■ Problem to work on:
Work through the listing below and give again exactly the lines from the one with "Supply,Round Connector Jewellery" to the one with "ZELOTES T30 6-keys", both ends included. All other lines and all pictures stay out.

======== Entries provided

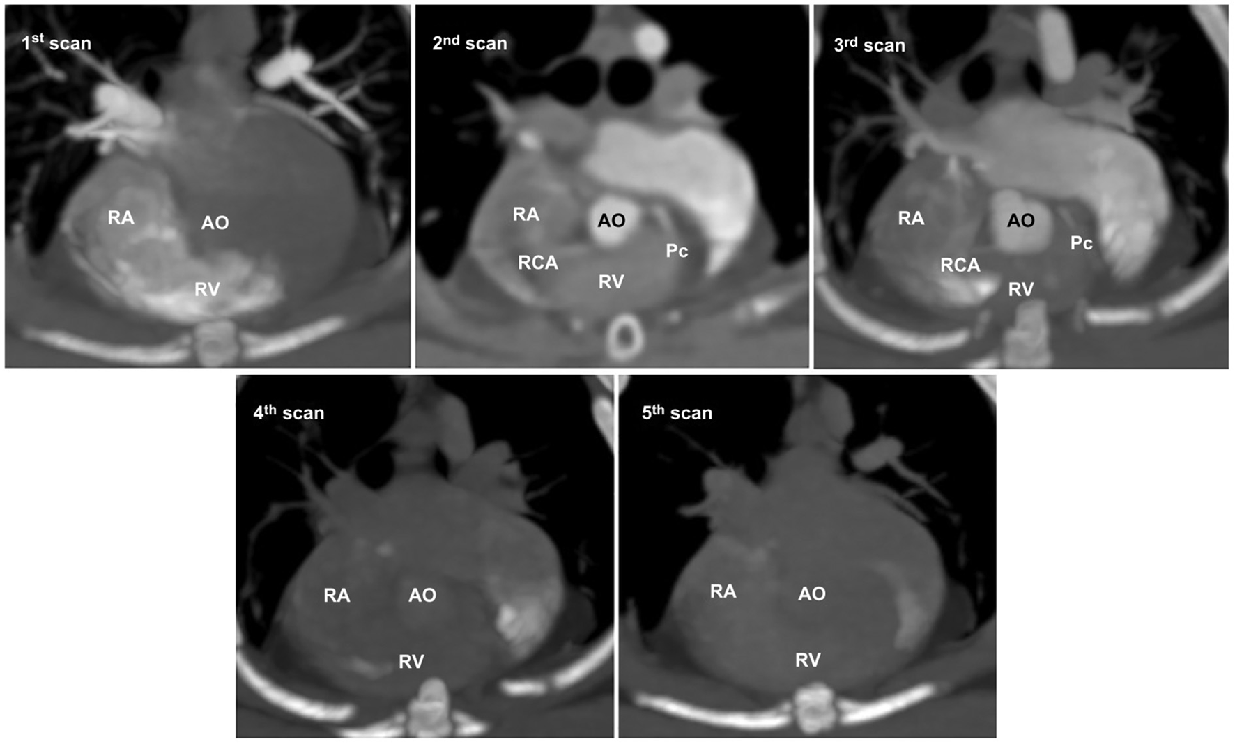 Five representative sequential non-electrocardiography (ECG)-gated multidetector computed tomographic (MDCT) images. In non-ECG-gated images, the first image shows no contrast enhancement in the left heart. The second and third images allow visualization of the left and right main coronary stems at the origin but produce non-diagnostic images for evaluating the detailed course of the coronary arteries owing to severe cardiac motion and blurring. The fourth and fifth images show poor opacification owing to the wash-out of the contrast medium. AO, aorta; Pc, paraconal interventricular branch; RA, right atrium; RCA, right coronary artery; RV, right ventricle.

================
======== Entries provided

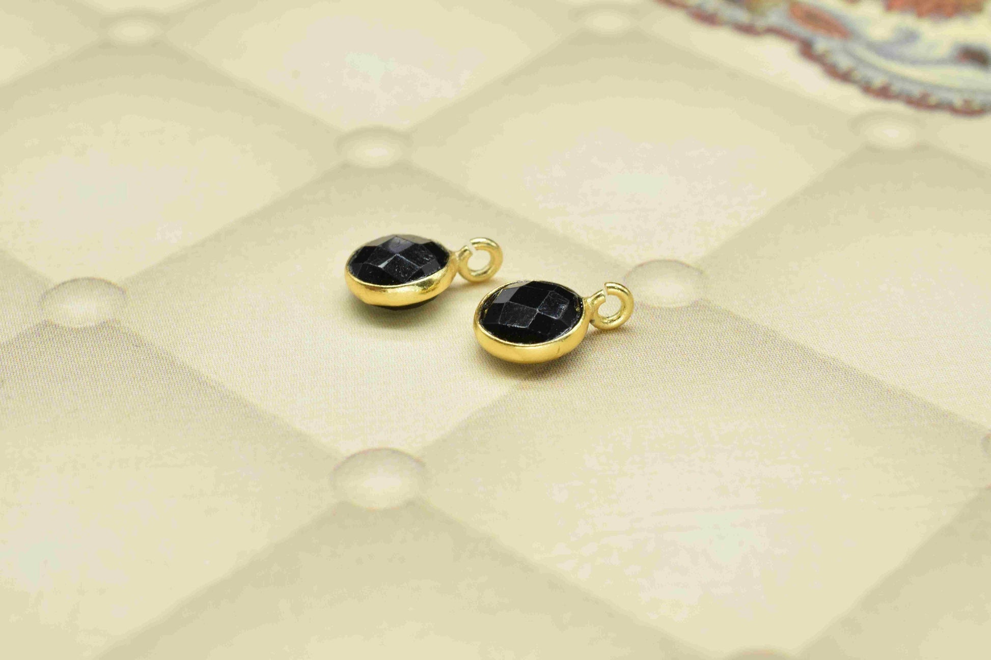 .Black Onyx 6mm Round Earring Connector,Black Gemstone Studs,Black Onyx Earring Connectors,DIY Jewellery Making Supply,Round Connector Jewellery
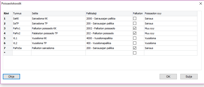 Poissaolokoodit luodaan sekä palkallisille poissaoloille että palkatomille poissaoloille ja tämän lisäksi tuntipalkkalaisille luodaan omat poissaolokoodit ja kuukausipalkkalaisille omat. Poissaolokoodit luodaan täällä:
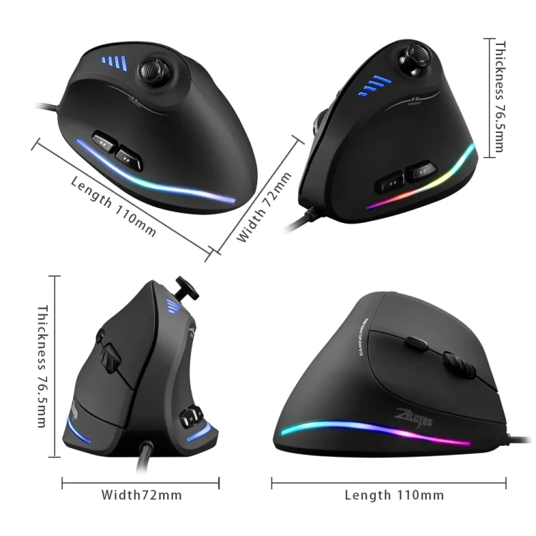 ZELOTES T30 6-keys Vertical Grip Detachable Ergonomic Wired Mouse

================
======== Entries provided

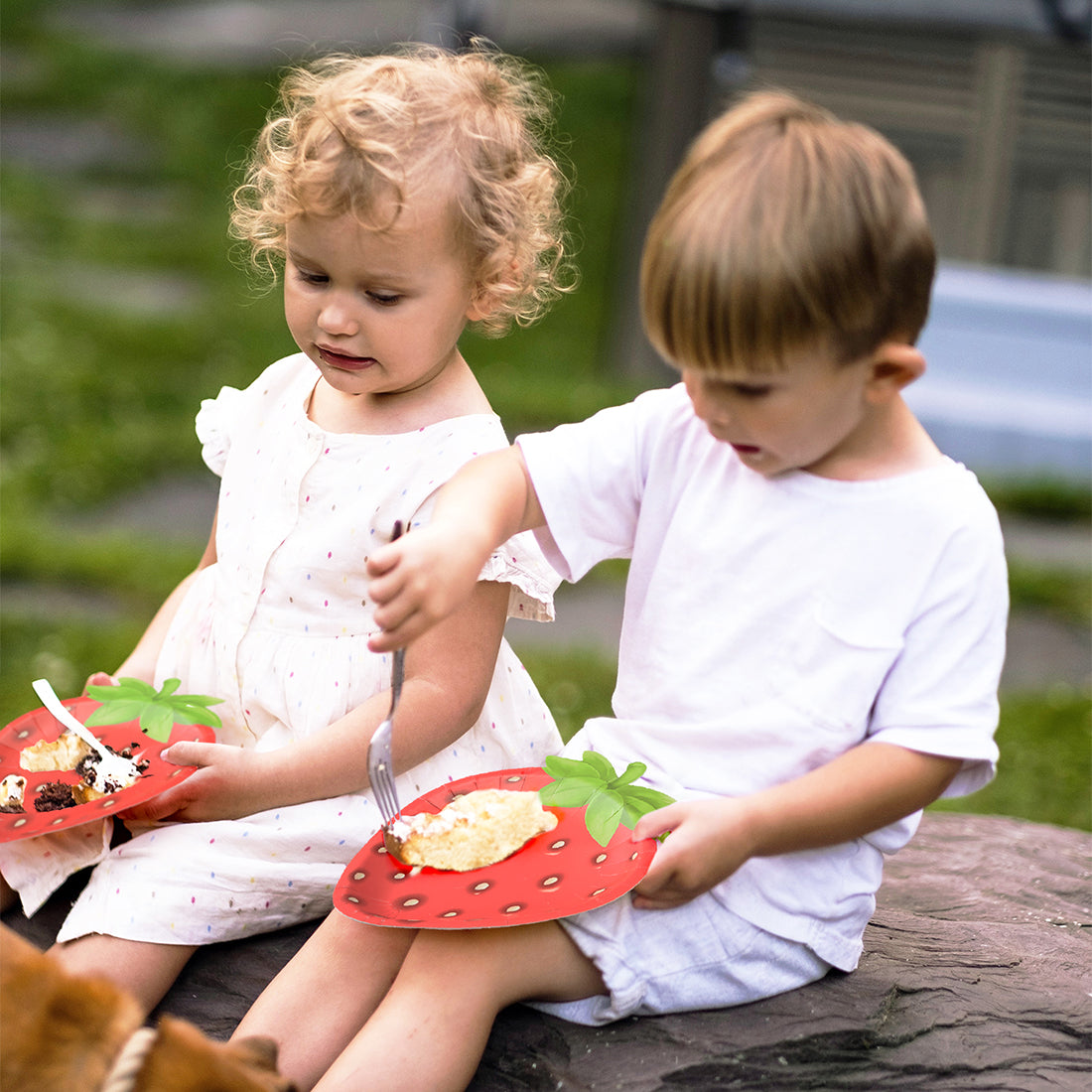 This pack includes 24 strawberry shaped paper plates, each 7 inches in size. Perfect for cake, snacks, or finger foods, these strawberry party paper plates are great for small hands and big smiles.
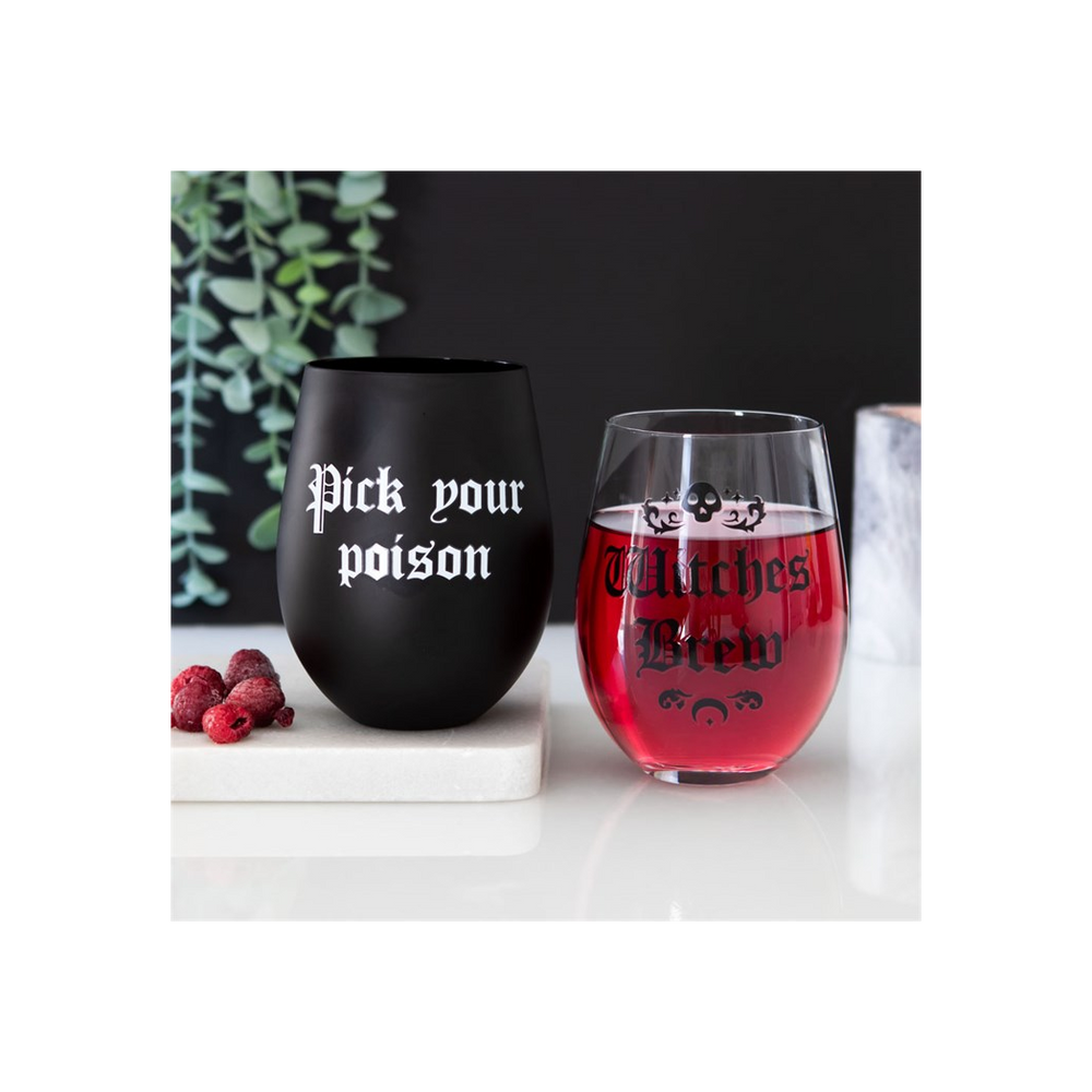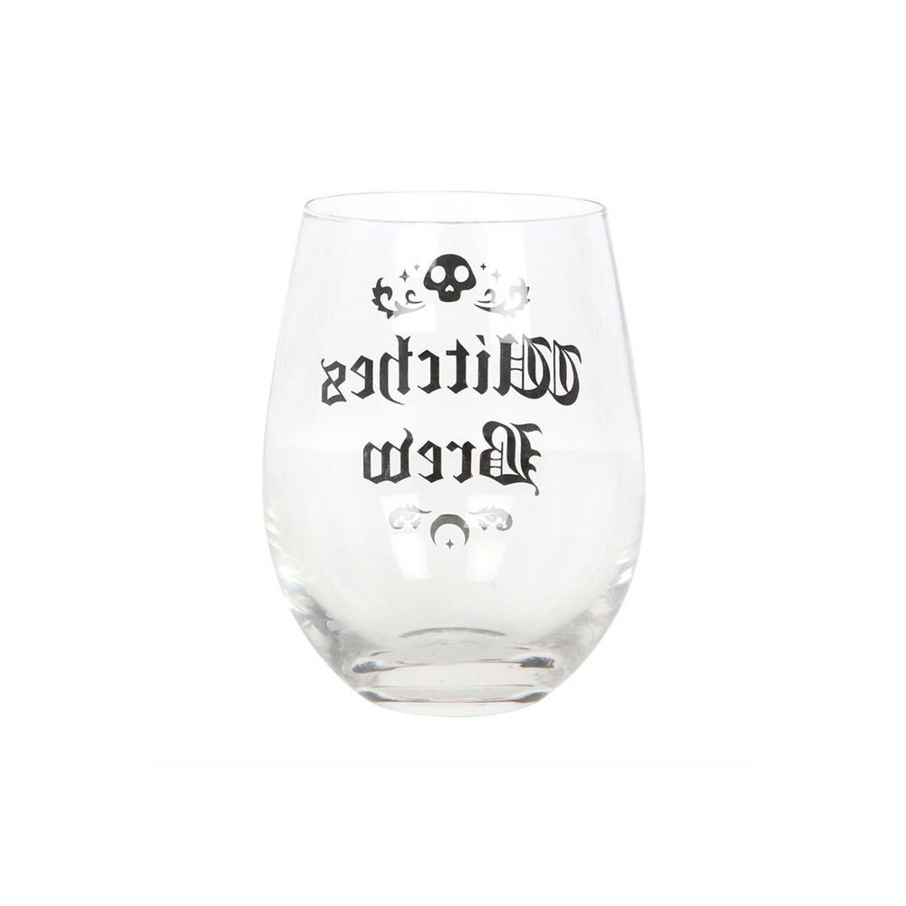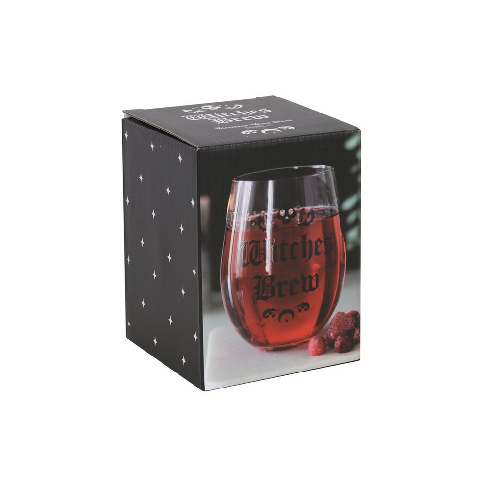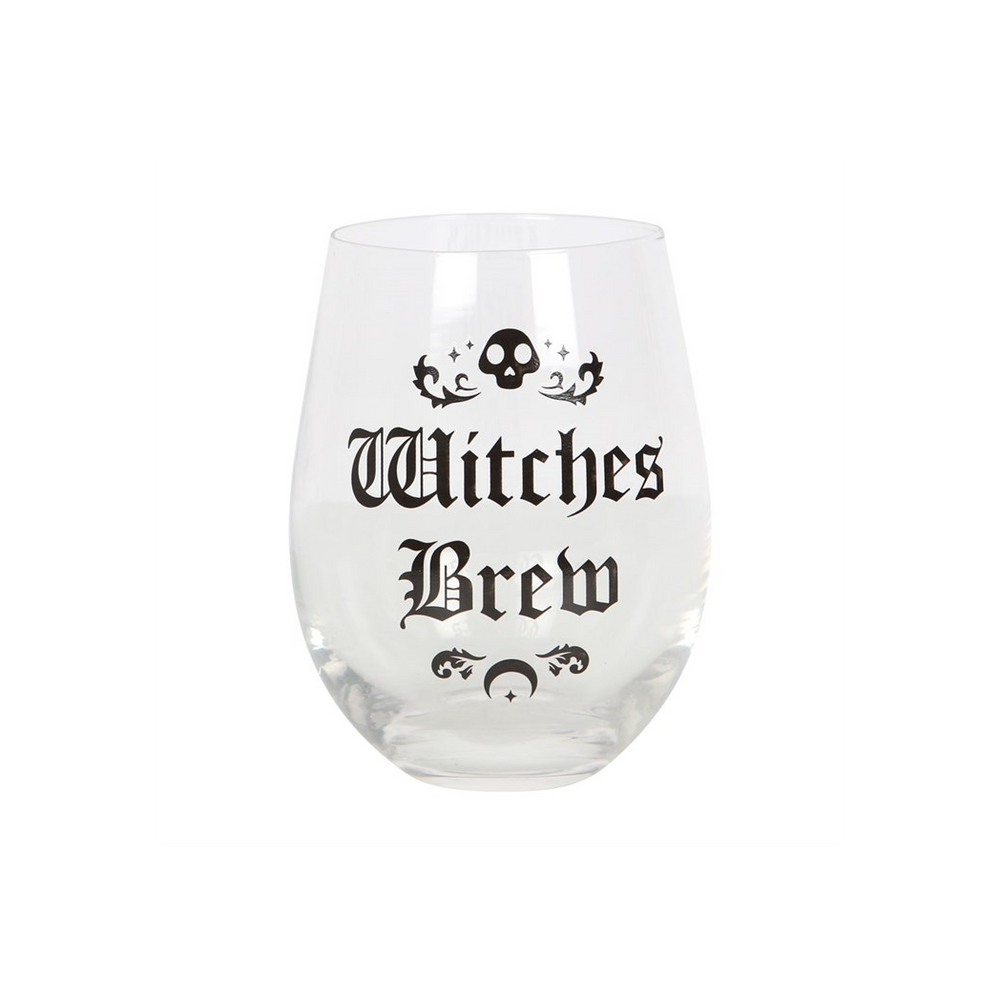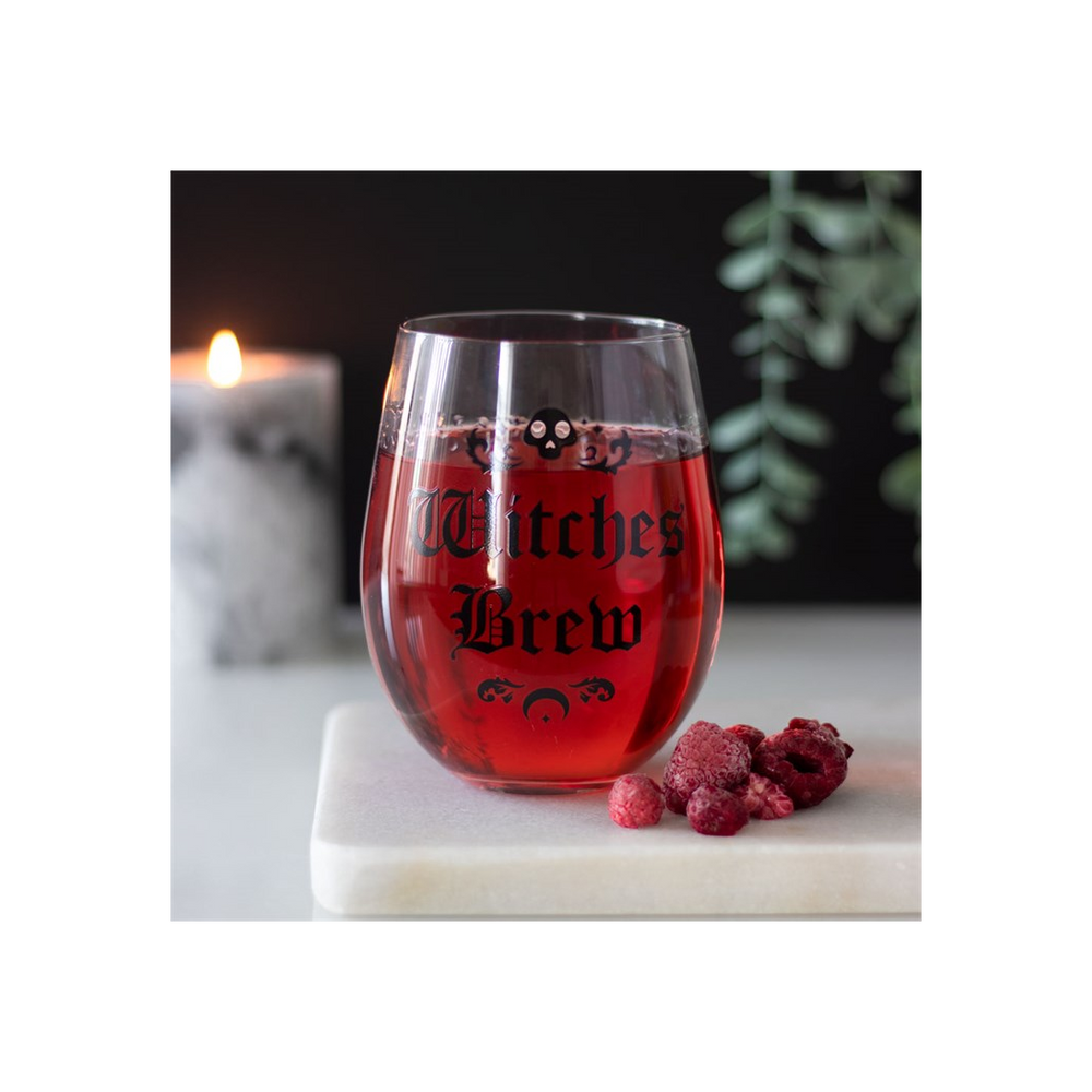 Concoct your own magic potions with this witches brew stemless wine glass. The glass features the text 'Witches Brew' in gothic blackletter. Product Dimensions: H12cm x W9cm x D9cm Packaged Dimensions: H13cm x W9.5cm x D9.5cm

================

■ Reply:
 .Black Onyx 6mm Round Earring Connector,Black Gemstone Studs,Black Onyx Earring Connectors,DIY Jewellery Making Supply,Round Connector Jewellery
 Poissaolokoodit luodaan sekä palkallisille poissaoloille että palkatomille poissaoloille ja tämän lisäksi tuntipalkkalaisille luodaan omat poissaolokoodit ja kuukausipalkkalaisille omat. Poissaolokoodit luodaan täällä:
 ZELOTES T30 6-keys Vertical Grip Detachable Ergonomic Wired Mouse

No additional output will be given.